Being a happy pessimist may sound like a contradiction, but really, there is nothing inherently incompatible about being both happy and a pessimist. Here I should make a distinction between philosophical pessimism and what can be called dispositional pessimism.

The former is a philosophical worldview, which proponents believe is an accurate perception of reality, whereas the latter is a kind of psychological disposition, an emotional tendency.

Pessimism, as a prevailing mood or inclination, involves focusing on the negative, seeing the worst aspects of things, believing that the worst will happen, and hopelessness. It is a doom-and-gloom kind of mindset.

What is Philosophical Pessimism?

Philosophical pessimism, in contrast to dispositional pessimism, is an umbrella term for a broad range of beliefs. However, what these beliefs share in common is the aim of facing up to the harsh realities of existence.

For example, philosophical pessimism includes the belief that existence is a net negative, usually because the bad things in life outweigh the good, either in terms of how frequently undesirable things visit us or due to the stronger impact that unpleasant experiences have on us than pleasant experiences.

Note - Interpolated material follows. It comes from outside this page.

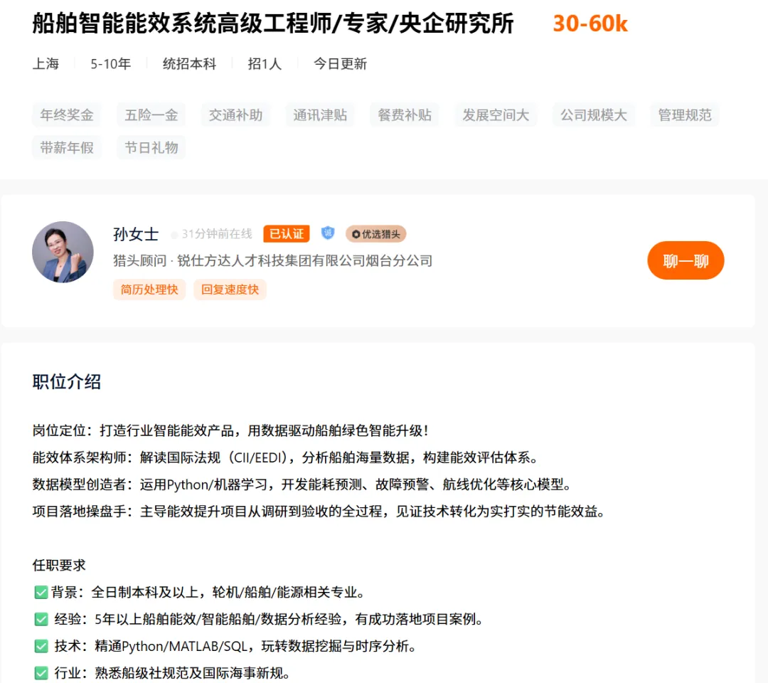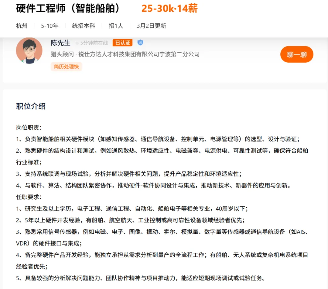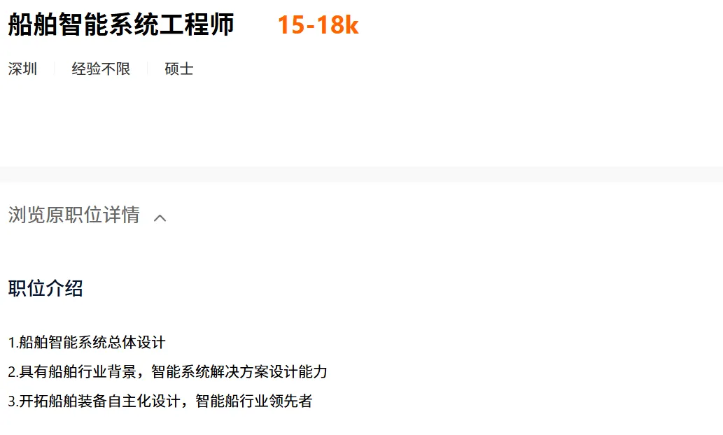 1.「天津滨海新区 船舶智能化解决方案工程师(具身智能架构方向)招聘」_2026年华海智汇技术有限公司招聘-智联招聘 2.【船舶智能系统工程师招聘】_2026深圳船舶智能系统工程师招聘信息-猎聘 ![]() 3.【上海 船舶智能能效系统高级工程师/专家/央企研究所招聘】-猎头顾问上海招聘信息-猎聘 ![]() 4.【杭州 硬件工程师(智能船舶)招聘】-猎头顾问杭州招聘信息-猎聘 ![]() |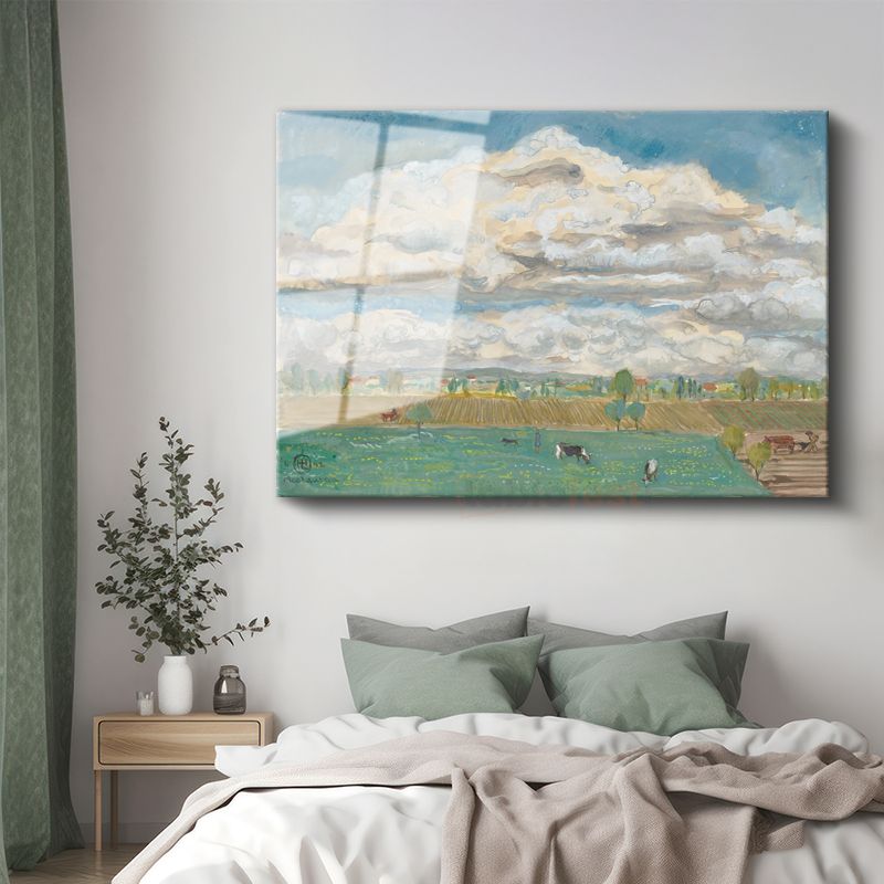 Camille Pissarro - Kırsal Manzara ve Bulutlar Cam Tablo

The German philosophers Arthur Schopenhauer and Eduard Von Hartmann, and the South African philosopher David Benatar, hold this view.

Another philosophically pessimistic belief is the notion that human existence is absurd.

The French-Algerian writer Albert Camus argued in The Myth of Sisyphus (1942) that as humans we crave meaning yet the world does not offer it to us. Instead, our lives are futile and absurd — Camus likens our situation to that of Sisyphus in Greek mythology, who was punished by the gods and forced to roll a giant boulder up a mountain, only to have it roll to the bottom once he reached the top. This he had to repeat for eternity. For Camus, this is comparable to modern working life.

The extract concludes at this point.